Ирония в мифопоэтике: «иронические рассказы» — «Покой», «Правила добра», «Платов» и др.
В «Сашке Жегулеве» Андреев прибегает к своей излюбленной группировке персонажей — системе двойников: Погодин - генерал, Погодин -Елена Петровна, Погодин - Колесников. Как уже говорилось, система «двойничества» призвана разрешить противоречия. В данном случае, это противоречия между светлым, духовным и темным, инстинктивном началом в человеке. Эта борьба исследуется Андреевым на психологическом уровне: в каждом из героев есть и то, и другое начало, но в разной степени. Андреев показывает, как борются две противоположные стороны человеческой натуры, и опять приходит к выводу, что разделить их невозможно.
Двойственность человеческой природы способствует переходу от мессии к Лжеспасителю, но и здесь нельзя дать окончательного ответа. Те, кто верит в непорочность и святость Саши несмотря ни на что, воспринимают его как Христа. Да и сам автор неоднократно повторяет, что от рождения Саша был светел и что чаша его страданий переполнена. Таким образом, противоречия я%, снимаются, а сплавляются в некое иное качество, которое не способен осознать человеческий разум: «Кто осмелится закрыть глаза Сашке Жегулеву?» [т.4. С.73].

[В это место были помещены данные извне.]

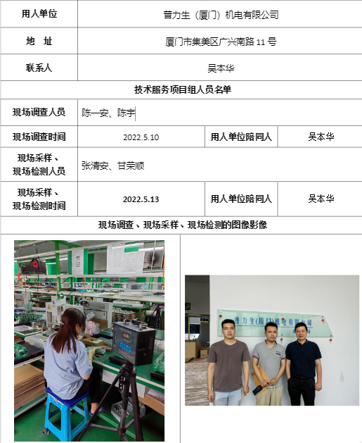 普力生(廈門)機電有限公司工作場所職業(yè)病危害因素檢測-福建共益安全環(huán)保科技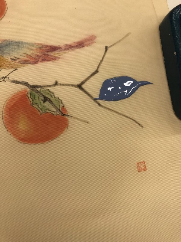 柄部分を伏せて、しみ抜き漂白をやってみます! ※先ずは葉っぱを伏せてみる(/・ω・)/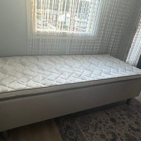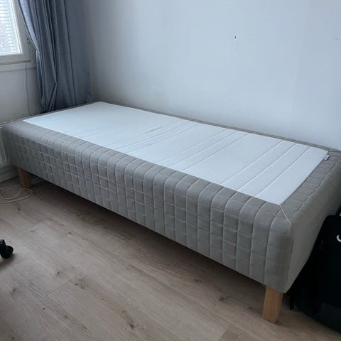 Myydään Ikean runkopatja jaloilla 90x200 cm. Hyvässä kunnossa. Pehmeä sänky.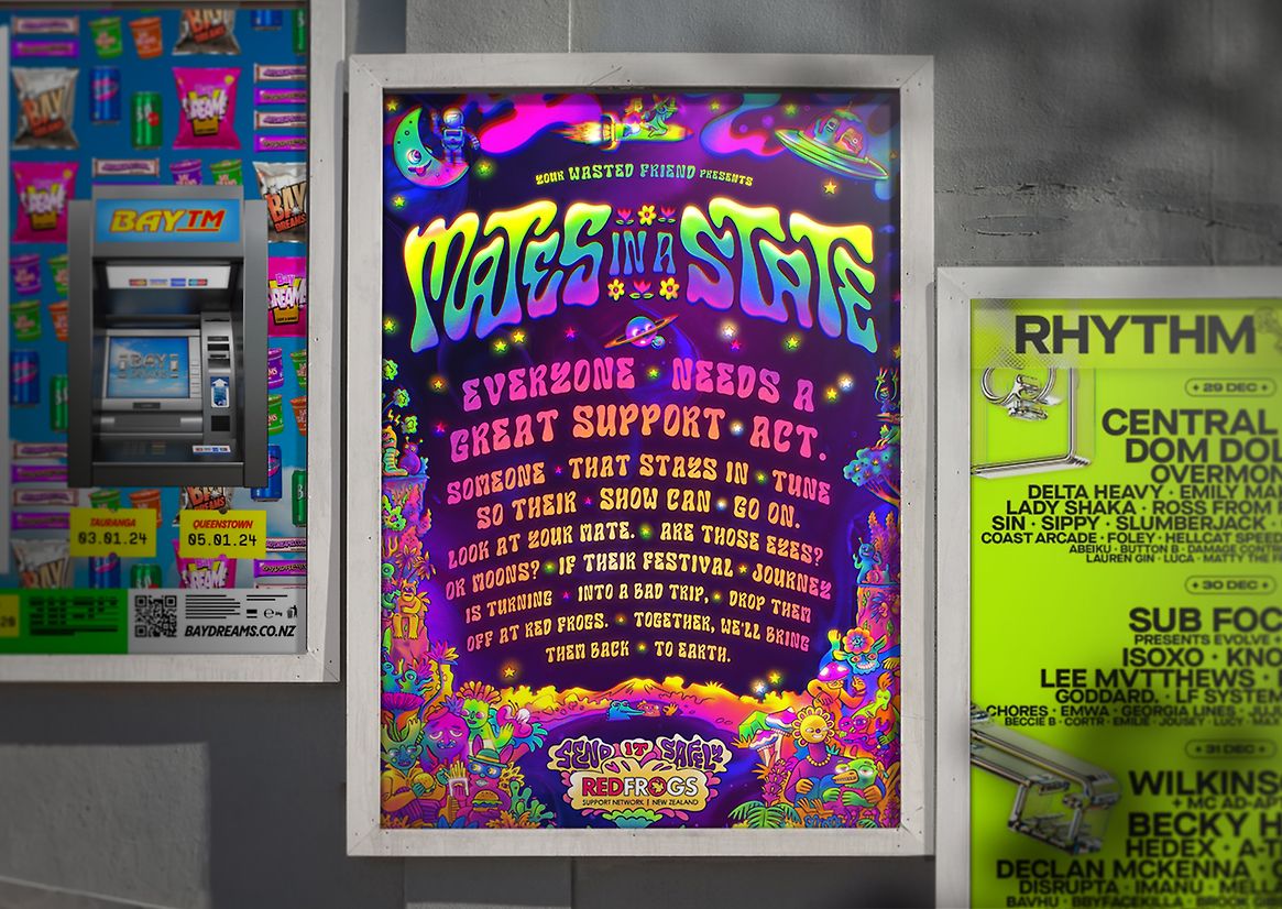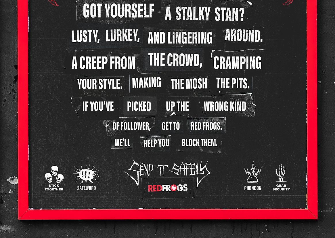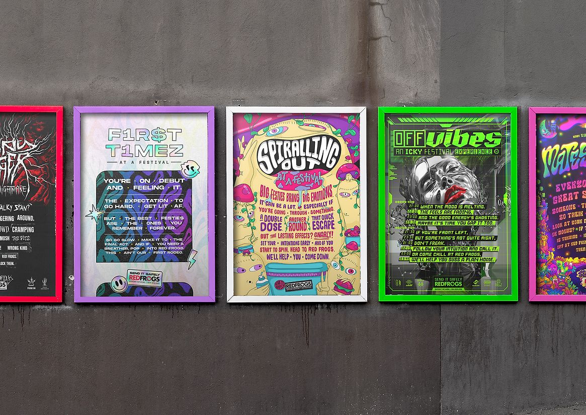 In the lead-up to summer, promoters plaster our streets with event advertising. So we placed our safety messages amongst them, disguised as festival and gig posters. We turned words of wisdom into the full lineup and made sure they knew Red Frogs volunteers were there should they need them.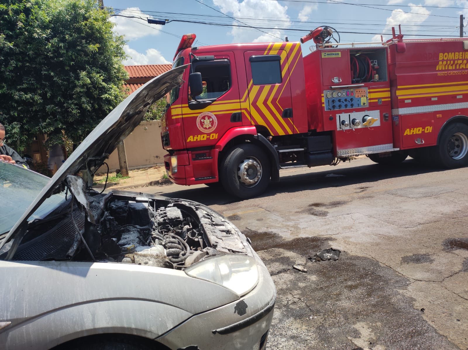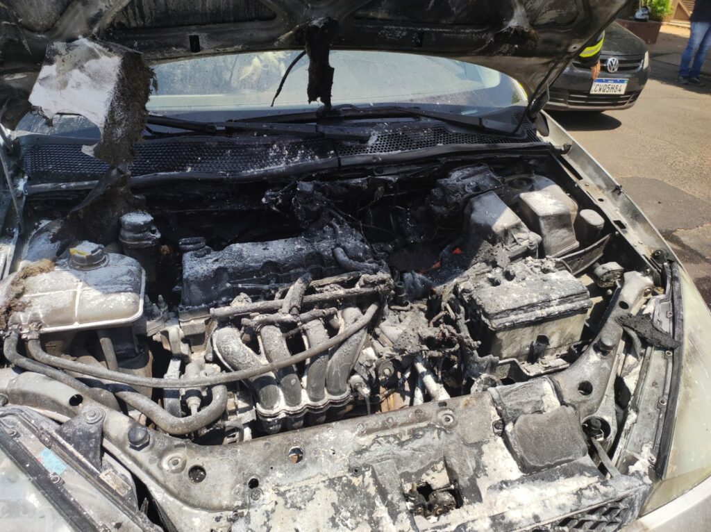 TRÊS LAGOAS (MS) – Na tarde desta segunda (14), um veículo sofreu um incêndio na Rua Manoel Ferreira da Rocha, no bairro Santo André. No local uma viatura e dois militares fizeram o trabalho de isolamento da área e combate as chamas, sendo gastos 100 litros de água para a extinção do incêndio.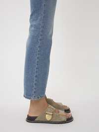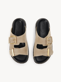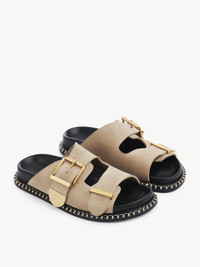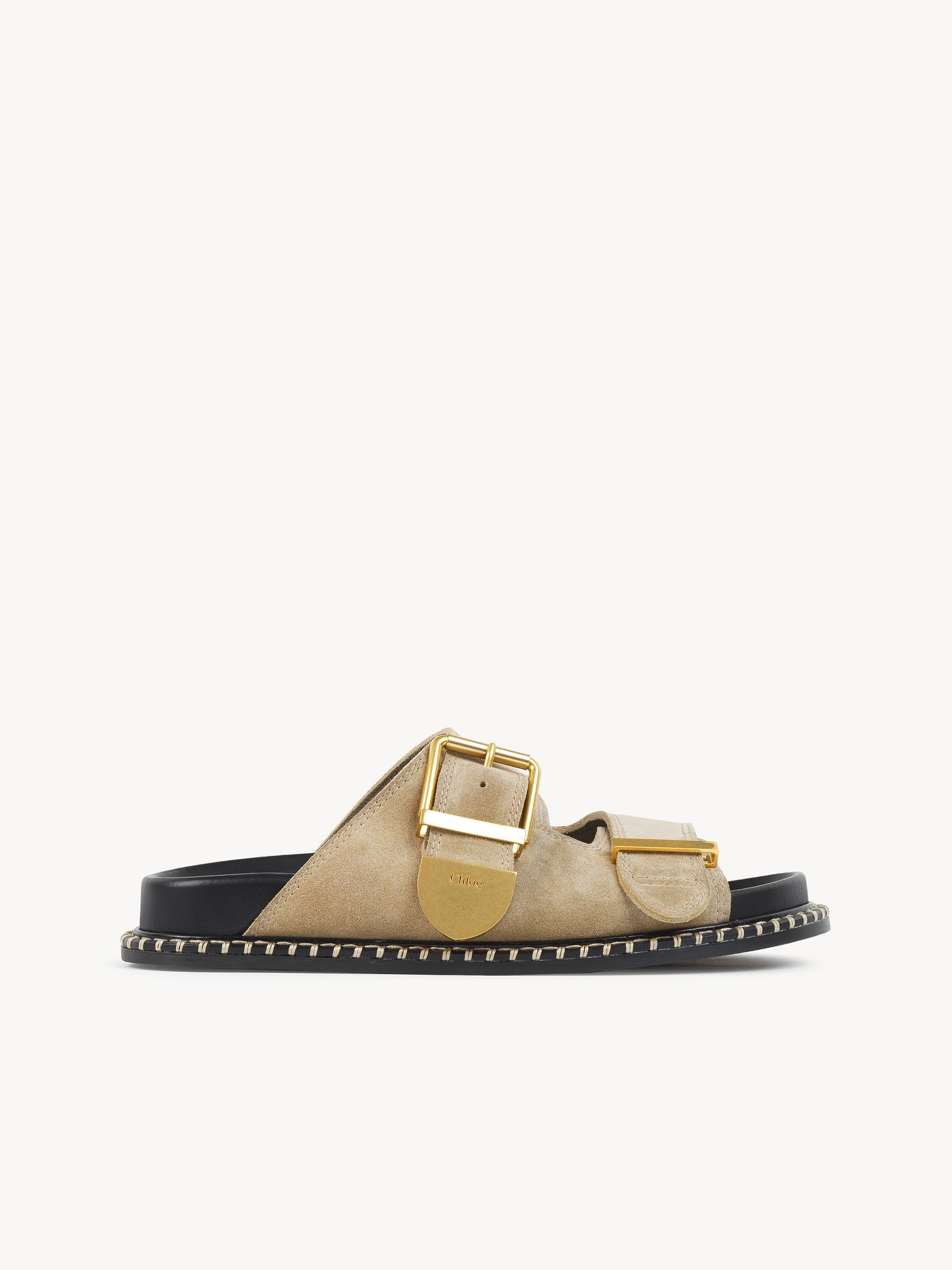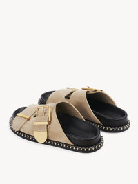 Crafted from suede calfskin for an elegant mix of textures and colors, this Rebecca slide is a comfortable flat sandal. The line's signature oversized buckle adorns the lower strap, elevating the slip-on silhouette with gold-toned hardware. The anatomically designed rubber footbed ensures day-long comfort, while exaggerated contrast stitches detail the welt. Chloé-engraved gold brass tips add the Maison's refined signature. At once relaxed and sophisticated, this versatile slide will add a casual touch to any look. PRODUCT DETAILS Flat slide - Inner sole: lambskin - Main lining: suede calfskin - Sole: 75% thermoplastic polyurethane, 5% polyester - Upper: suede calfskin Fit true to size, European sizing - Mule sandal - Buckled straps To make this product, Chloé worked with Leather Working Group (LWG) certified leather manufacturers. LWG certifies tanneries based on their water and energy usage, management of chemicals, solid waste, and wastewater. Color: Dark Greige Item code: CHC24S981F621V

Мифопоэтическое начало романа проявляется и на композиционном, и на стилистическом уровнях. Роман состоит из двух симметричных частей, названных по имени главного героя; каждая часть начинается главками-притчами «Золотая чаша» и «Сеятель щедрый». Они содержат аллюзии на известные библейские притчи и раскрывают идейно-философский смысл дальнейшего повествования. Если в «Золотой чаще» дана идея избранничества; то в «Сеятеле щедром» обосновывается идея обреченности, неизбежности наказания за пролитую кровь. Каждая главка имеет название, которое определяет основную идею следующего далее текста. Эти заголовки имеют символическое значение и отмечают вехи на трудном пути героя.
Большую роль в организации повествования играют лейтмотивы: грехопадение - искупление - воскресение; чистота и непорочность, напрасность жертвы и др. Вокруг них образуется особый эмоционально смысловой фон, который концентрирует повествование, делает его «проницаемым» для философских, социальных, исторических обобщений и пророчеств.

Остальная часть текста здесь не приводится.